悪魔がウチにおりまして・136
悪魔がお茶を点てている。
おいおい、なんでそんな技術あるんだよ。
「ニンゲン、お静かに。まぁ詫び寂びを理解できぬのも無理からぬ……殺気」
無礼な口利きに教育的指導を一発かまそうとする。
その気配を察してか逃げようとするもその場にコロンと転がった。
「足が、足がー!」
自分で正座して勝手にしびれていたら世話ないですわ。
「で、なんでいきなり抹茶なんかやってるの?」
しびれている悪魔の足を突きながら問いただしてみる。
悲鳴を上げながらなので要領を得なかったが、どうやらなんかのマンガに出ていた千利休に感動して真似をしたらしい。

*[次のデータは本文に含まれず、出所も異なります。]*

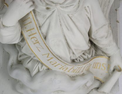 Deutsch 19. Jh. Geschnitztes Holz. Weiß und Gold staffiert. Engel trägt die Konsole mit der Aufschrift "Hl. Herz Jesu erbarme dich unser" auf seinen Schultern und hält ein Schriftband mit der Aufschrift "Hl. Herz Maria bitt für uns". Größe ca. 49,5 x 59,5 cm, Höhe ca. 42,5 cm. Gewicht ca. 13,6 kg. Guter Zustand.
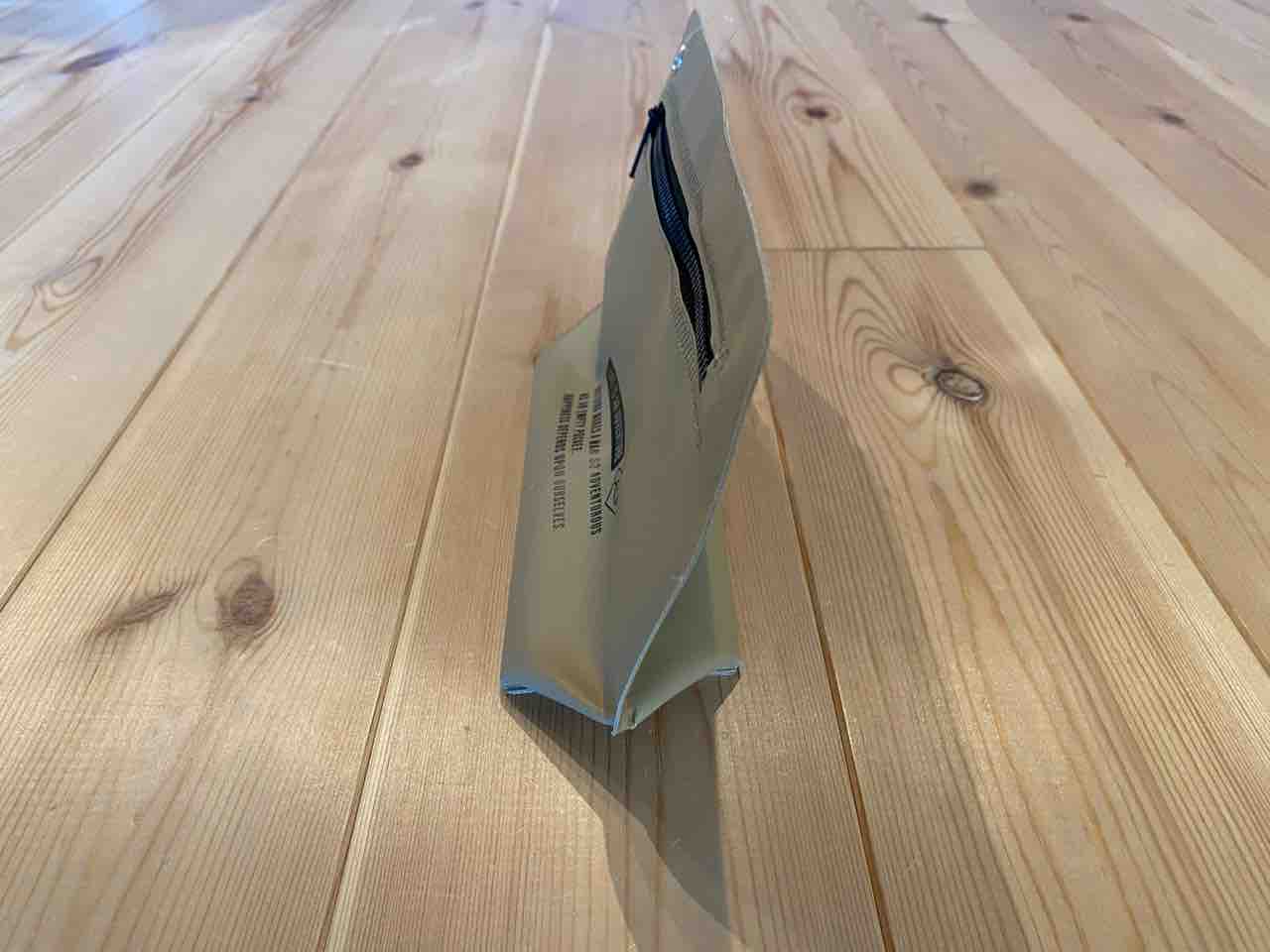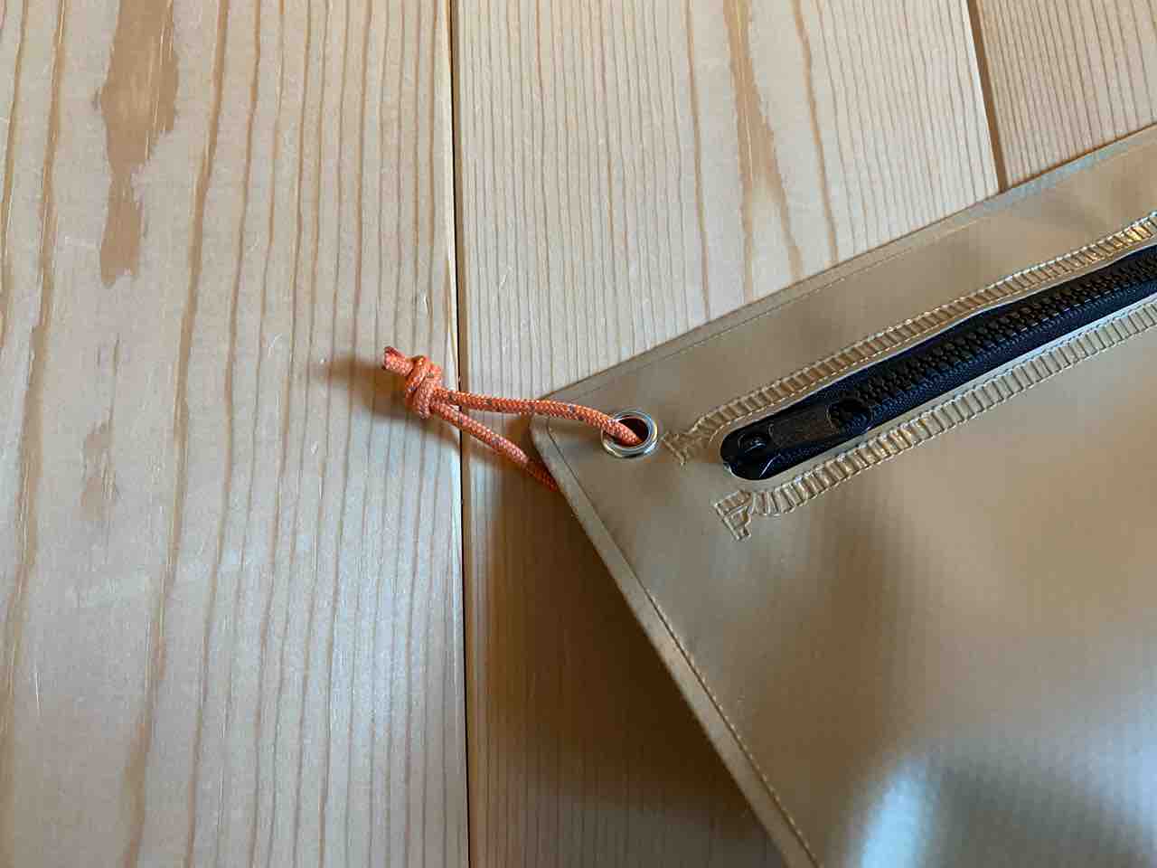 シリコンのポーチは無かったが、なにやら防水っぽい塩化ビニルのポーチを発見。ターポリンのような素材で開口部はジッパー。これは携帯ゴミ箱として使えるのでは?

「こんな辛い足のしびれに耐えながらお茶を煎れた偉人です」
解釈が違うぞー。
「ミミ殿、利休殿も足がちびれるのが苦手でちたよ」
悪魔の煎れたお茶をすすりながら狐がぽつりとつぶやく。
あんた、知り合いですか。
「ごんちゃん、師匠とお知り合いでしたか」
弟子入り、いつしたのかなぁ?
「ミミ殿、利休殿の弟子だったのですね。某は噂でちか聞いたことがないのですが」
悪魔の顔色がみるみる青くなっているが、気にしても仕方ないでしょ。
悪魔の点てたお茶をすすりながらのんびり眺めて……おや、クモが降りてきた。
「どしたの、クモ」
クモはお茶を突いて自分も飲みたいとアピールしている。
珍しいこともあるものだ。
「悪魔、クモがお茶飲みたいって」
「クモちゃんも詫び寂びの心を理解しておりますか」
悪魔は再び正座をして、お茶を点て始める。
意外と手際よく茶せんを揺する姿は様になっている。
「何回も煎れたことあるの?上手じゃない」
「動画で何度も見たのですー」
最近の動画、侮りがたい。
「できました。クモちゃんお上がりください」
すっと茶碗を出してクモは一礼する。
さすがにお椀を回すことはしなかったものの、ちびりとひと口舐めるように口に含み、そのあと飲みきったら脚で飲み口を拭っていた。
このクモ、もしかしたら私よりも作法知っているぞ。
茶碗を返すと、ペコリと頭を下げる。
「お粗末さまでした」
悪魔も倣って頭を下げた。
なんだ、この平和な空間。
クモが巣に戻ろうとする時に狐が声をかける。
「クモ殿、順番が逆ですがどら焼きがあります。お召ちあがりください」
クモは恭しく頭を下げた。
これは私にもわかる。
かたじけない、ね。
ウチでは茶会が開かれている。
ニンゲンは私しかおりませんでしたが。